В 1896 году Золя проводит несколько дней в Эксе у Нумы Коста. Он прогуливается под платанами улицы Мирабо. По тысяче деталей он узнает каменный лик города. Вдруг он останавливается. Где же фонтан? Фонтан его детства? Фонтан с маской? Символический фонтан под платанами? Он исчез!

— Что, если мы завтра сходим в Жас-де-Буффан? — предлагает Кост.

— Нет. Мне кажется, лучше не ворошить пепел прошлого.

Когда в Париже Золя стало известно, что Сезанн знал о его приезде в Экс и сильно переживал в связи с этим, то он почувствовал угрызения совести. Но вот два года спустя Сезанн сам приезжает в столицу, завтракает с Иоахимом Гаске и Морисом Ле Блоном. Разговор идет преимущественно о Золя. Сезанн молчит. Когда друзья пытаются повести его на Брюссельскую улицу, то изможденный Сезанн приходит в ярость и начинает кричать от негодования.

25 сентября 1902 года у Золя болят зубы. Уже чувствуется приход осени. По ночам от Сены веет холодом.

— Александрина, в воскресенье мы уезжаем в Париж. У тебя еще будет время, чтобы подготовиться к поездке в Италию.

В воскресенье 28 сентября в небольшом особняке на Брюссельской улице звякнул ключ в замочной скважине.

— Кажется, закрыто, — сказала г-жа Золя.

Слуга Жюль зажег камин. Обед прошел весело.

— У камина плохая тяга, — заметил Золя.

— Небо пасмурное. Во всяком случае, я сказала, чтобы предупредили печника.

Слуга, наблюдавший за камином, увидел, что округлые куски угля покраснели, и поднял заслонку. Г-жа Золя и ее муж легли в огромную кровать в стиле эпохи Возрождения, стоявшую на небольшом возвышении. Около трех часов утра г-жа Золя проснулась, чувствуя какое-то недомогание. Она вышла из спальни, направилась в умывальную комнату, и там ее вырвало. Она пробыла в умывальной комнате почти три четверти часа и затем, вернувшись в спальню, легла снова. Ее хождение разбудило мужа.

— Может быть, позвонить слугам? — спросила Александрина.

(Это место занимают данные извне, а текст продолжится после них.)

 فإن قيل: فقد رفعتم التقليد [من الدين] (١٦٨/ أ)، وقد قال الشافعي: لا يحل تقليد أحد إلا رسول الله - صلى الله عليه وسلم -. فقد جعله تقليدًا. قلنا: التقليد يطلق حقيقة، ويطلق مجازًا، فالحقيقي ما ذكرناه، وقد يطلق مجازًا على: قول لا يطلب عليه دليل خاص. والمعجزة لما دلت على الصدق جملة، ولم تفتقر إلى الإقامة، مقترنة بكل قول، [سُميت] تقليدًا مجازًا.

— Нет, не надо. Собака тоже больна. Мы, наверное, съели что-нибудь несвежее.

Немного позднее Золя встает и произносит тихо:

— Возможно, нам станет лучше от свежего воздуха…

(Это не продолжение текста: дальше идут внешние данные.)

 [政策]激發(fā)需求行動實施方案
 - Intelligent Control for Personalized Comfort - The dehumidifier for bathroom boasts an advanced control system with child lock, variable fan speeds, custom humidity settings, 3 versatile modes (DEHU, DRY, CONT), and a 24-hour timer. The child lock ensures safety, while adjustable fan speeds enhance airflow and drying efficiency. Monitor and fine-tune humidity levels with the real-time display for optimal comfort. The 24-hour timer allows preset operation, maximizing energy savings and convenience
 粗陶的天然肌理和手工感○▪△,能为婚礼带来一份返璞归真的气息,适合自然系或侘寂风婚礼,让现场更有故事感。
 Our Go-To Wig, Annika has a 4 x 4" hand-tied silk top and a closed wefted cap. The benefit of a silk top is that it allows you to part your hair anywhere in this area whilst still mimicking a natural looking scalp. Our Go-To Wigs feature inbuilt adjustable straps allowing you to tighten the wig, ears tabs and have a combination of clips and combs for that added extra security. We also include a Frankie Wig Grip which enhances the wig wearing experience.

Он делает несколько шагов в направлении окна. Окно.

Открыть окно.

— Эмиль, ложись! Ты простудишься, — говорит г-жа Золя.

Слышится глухой звук падающего тела. Жена Золя хочет встать, ее качает в разные стороны, пытается позвонить и теряет сознание.

«Пролежав несколько секунд совершенно неподвижно, он попробовал вздохнуть, пошевелил губами, открыл свой бедный рот, клюв маленькой птички, которая стремится глотнуть последнюю струйку воздуха».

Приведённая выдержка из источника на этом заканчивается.